Por fin cruzo la carretera, atravieso la siguiente calle, llena de obras desde mi primera comunión y por donde sigue pasando el parvulario, y llego enfrente del descampado. A mi izquierda hay un ceda al paso que debe ser el más peligroso que he visto hasta ahora, de no ser que casi no vienen coches por la izquierda. En fin, llego al descampado, embarrado, en su línea… Veo una colección de coches apilados y sucios y justo en el centro está mi coche con su retrovisores, intactos. Cruzo, y cuando introduzco la mano en el bolsillo para ver sacar la llave y abrir el coche, descubro que no está. No voy a volver atrás, ya he comprado el pan, como mucho buscaré por el descampado por si se me ha caído cerca de aquí. Además he echado la vista atrás y todavía se distingue la silueta de Tomás antes de mi portal, menos mal que nuestro sentido del oído es más débil que el de la vista. En este momento no sé por qué me viene a la cabeza Ulises y su habilidad de terminar caminos en círculo. No tengo ganas de odiseas, y como no tengo ganas pero no tengo llaves, entro en crisis nerviosa y saco un cigarro. Fumo apoyado en mi coche e intento imitar una pose chulesca, caladas lentas, todo va bien. Otra casualidad adversa más sería que hubiera comenzado a chispear y una fina gota apagará la lumbre de mi cigarro, pero en lugar de eso, cae un alud de gotas como pelotas de golf, no voy a volver.

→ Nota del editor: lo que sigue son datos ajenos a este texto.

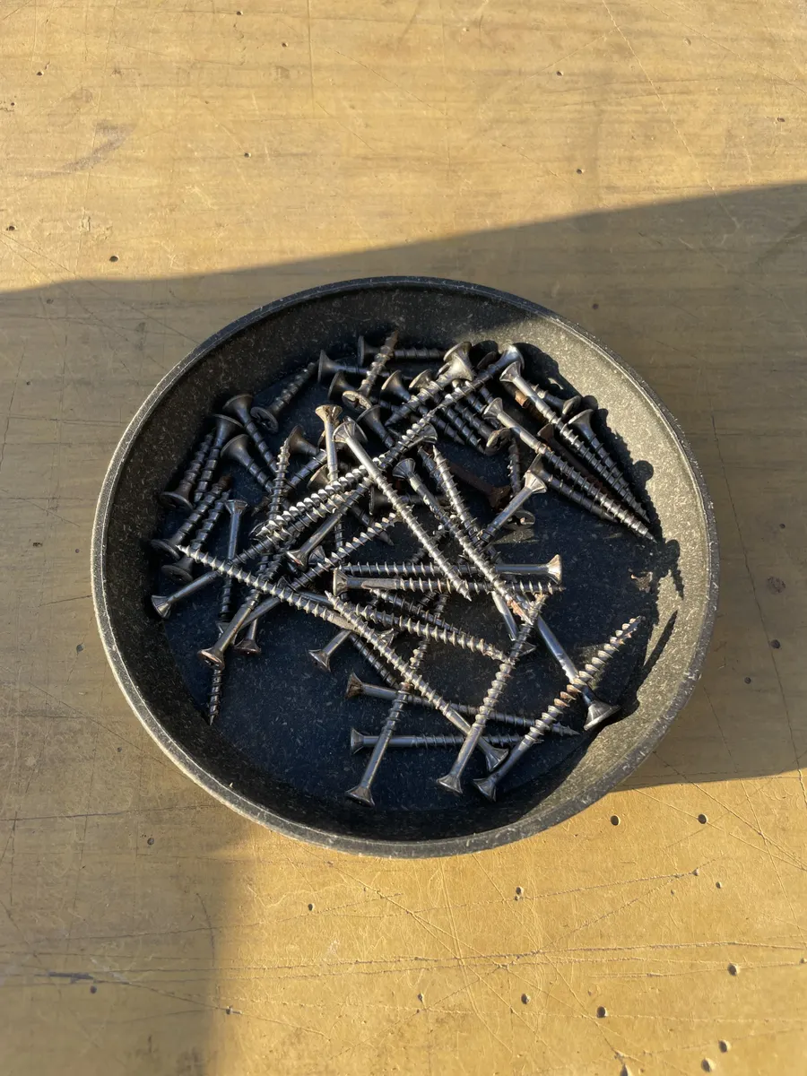 サンダー掛け中、すのこ材を留めてるビスが浮いてしまう状態が見られ、これはビス留めが効いてなく、ビス穴にサビが発生して(水の影響と思われます)る状況で、25㍉だったビスを32㍉に変更して解決しました。
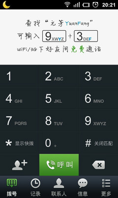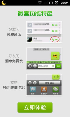 微客免费电话V1.0.0,是一款真正免费打电话、发短信的android语音通讯工具,手机联网就能打电话,不扣任何手机费,春节拜年必备!

Fuera del descampado un coche me llama con su claxon, se baja la ventanilla y asoma la cabeza un compañero de la universidad, Andrés, “ ¿Qué haces?” “Fumando” le digo, “Ven, sube, hace veinte minutos que he pasado por tu casa para ir juntos a la uni, ¿no te acuerdas que habíamos quedado?”. Ni lo recordaba ni lo quería recordar, pero le dije “Es verdad, no lo recordaba”. Subí y sabía que me iba a llevar al fin a la universidad, por lo menos algo es algo. Y mientras subo al coche, pienso en que hace veinte minutos era verdaderamente feliz. Solo en mi casa, con la música alta (tal vez Andrés llamó al timbre), fumaba, ojeaba por internet pinturas de Van Gogh y, entre pausa y pausa de canciones, escuchaba a los niños de San Ildefonso (nombre común en mi familia) como cantaban los números de la lotería de navidad. Me fijaba en que si el número acababa en 3 quedaba ridículo recitarlo, en 1 no estaba mal. Esas cadencias de voces blancas que salían de la tele me hacían pensar en poetas de la antigüedad, y eso que yo nunca he escuchado ninguno, era feliz. Bueno, he subido al coche y me siento como un solterón que decide no dejar escapar el último tren que se le brinda, no sé si es lo mismo, pero quiero hacer de mi momento algo trascendente.